Common Anxiety Symptoms

How people respond to feelings of anxiety can be complex and vary from person to person, and the symptoms that are displayed may be expressed differently, although they will generally have a common theme. Not only does Anxiety effect people psychologically, but it also triggers physical symptoms, in some cases felt as hot or cold sweats or tightness in the chest, a dry mouth and shaking, or as a combination of other types of physical reactions.
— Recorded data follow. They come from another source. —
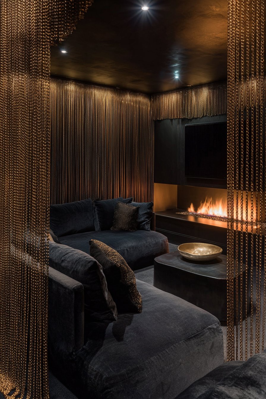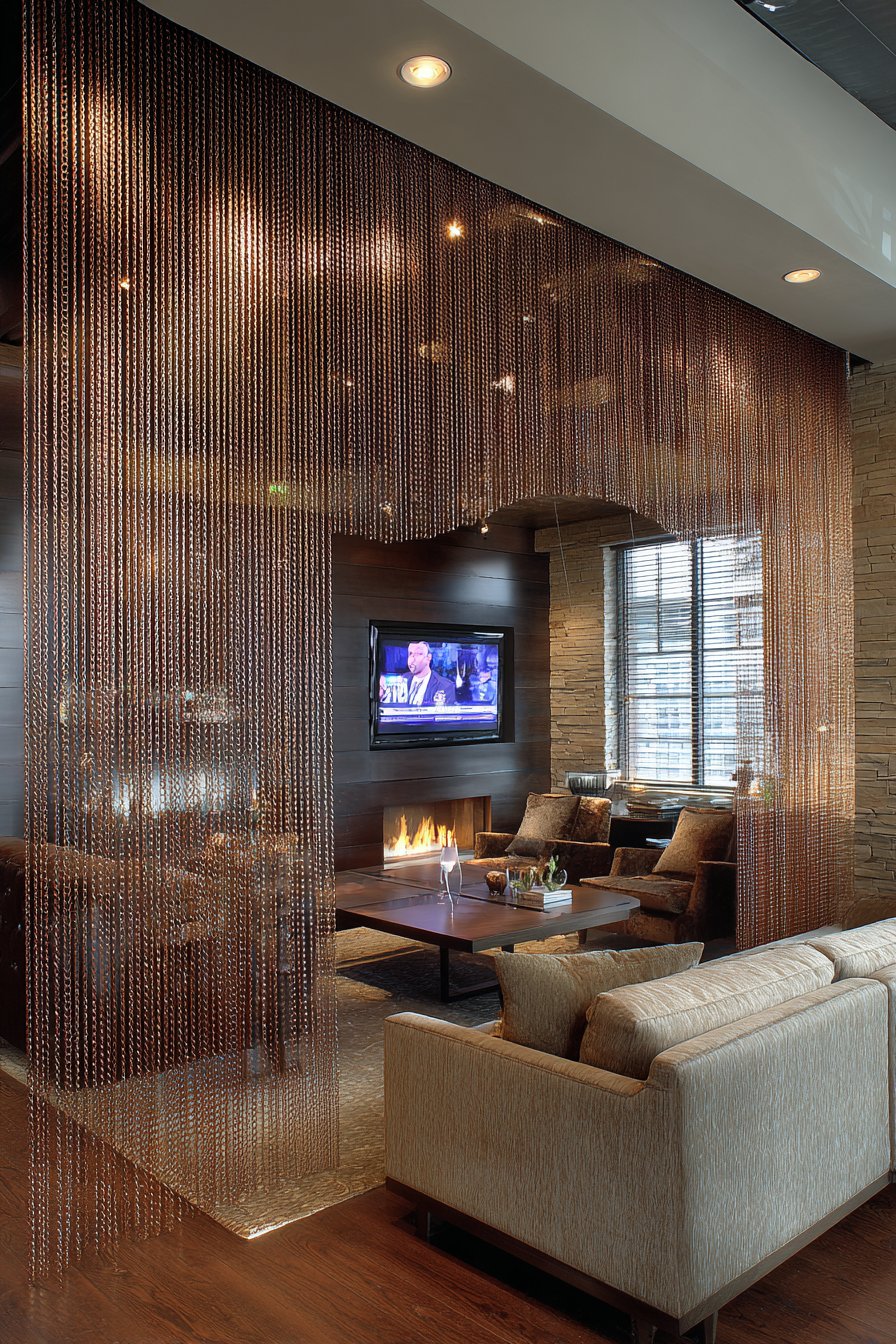 For those seeking drama and glamour in interior design, the hanging chain curtain partition offers a sculptural solution that captures and plays with light in mesmerizing ways. This unconventional divider features metallic copper-toned chains cascading from ceiling to near-floor level, their continuous vertical lines creating rhythm and movement within the space. The chains separate an intimate lounge area featuring velvet seating from an entertainment zone with media console, defining territories while maintaining visual connection. The metallic finish catches and reflects light from recessed fixtures, creating shimmering highlights that dance across the chains as they subtly move in response to air currents, bringing constant subtle animation to the space.
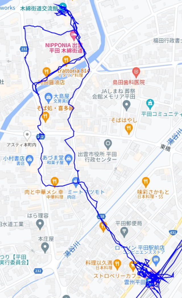 (雲州平田駅周辺 木綿街道の散策。 GPSロガーのログデータで実際に移動した場所の軌跡を表示)
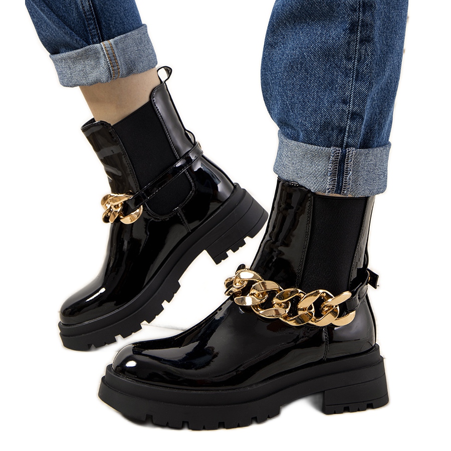 Inna marka Fekete lakkozott bokacsizma Tapia lánccal
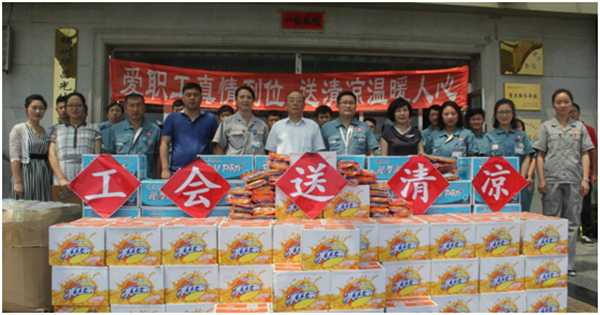 7月6日上午,锦州滨海新区工委蒋书记、区总工会沈主席一行来到阳光能源,将防暑降温慰问品发到员工手中,为他们送去盛夏清凉,体现了区总工会对企业职工的亲切关怀。

Symptoms expressed physically

Excessive sweating Elevated or racing heart rate Tightness in the throat and dry mouth Shaking of hands, arms, legs, whole body Stomach pains and cramps Fatigued and constantly tired Headaches, dizziness and fainting Nausea and sickness Increased urination and loose stools Symptoms expressed emotionally Over thinking and constant worrying thoughts Inability to focus or concentrate Feelings of impending doom Feeling irritable and panicky Unable rest effectively or sleep Loss of appetite Unable to make choices Feeling an urge to run away from normal situations

Trying to solve the anxiety puzzle?

Problems with Anxious feelings

One of the things that can work against you when trying to reduce your levels of anxiety is an unrealistic expectation; most people feel anxious in certain situations, so feeling anxious is normal, but if you think you should not be feeling hardly any anxiety, or think a normal amount of anxiety is actually an unrealistic level, then every time you do feel anxious you will think you are failing to make progress. people are often puzzled when trying to work out what is a normal level of anxiety to feel, the problem is trying to define normal is almost impossible, how do you calculate it, who or how many people do you use to measure from, and how do you quantify the results in a meaningful way. Having unrealistic expectations regarding your levels of anxiety, or what progress is expected over a certain time period can in some cases actually reduce the prospects of success, and even make matter worse. Often when the unrealistic improvement does not materialise, they can feel like failures or worthless and make progress even harder, in that scenario therapy can be very helpful by challenging their beliefs and expectations, allowing actual progress to be recognised, helping confidence to grow and personal development to be continued How much anxiety should we be feeling at any given time? What does a reasonable level of anxiety actually feel like? What’s normal?

Reducing your Anxiety

Somewhere on this page it is possible to find a way of allowing you to feel calmer and for a short time you will find some relief from anxiety, by implementing these suggestions every week, you can reduce the long-term effects of stress and anxiety on your life. There are more in-depth explanations that will explain in more detail the psychological and physiological state and the Cognitive & Behavioural Elements of anxiety, but I hope this short and simple explanation has given you some idea about your anxiety. There are some ways below to help yourself control stress and anxiety, using the simple methods included here will usually help.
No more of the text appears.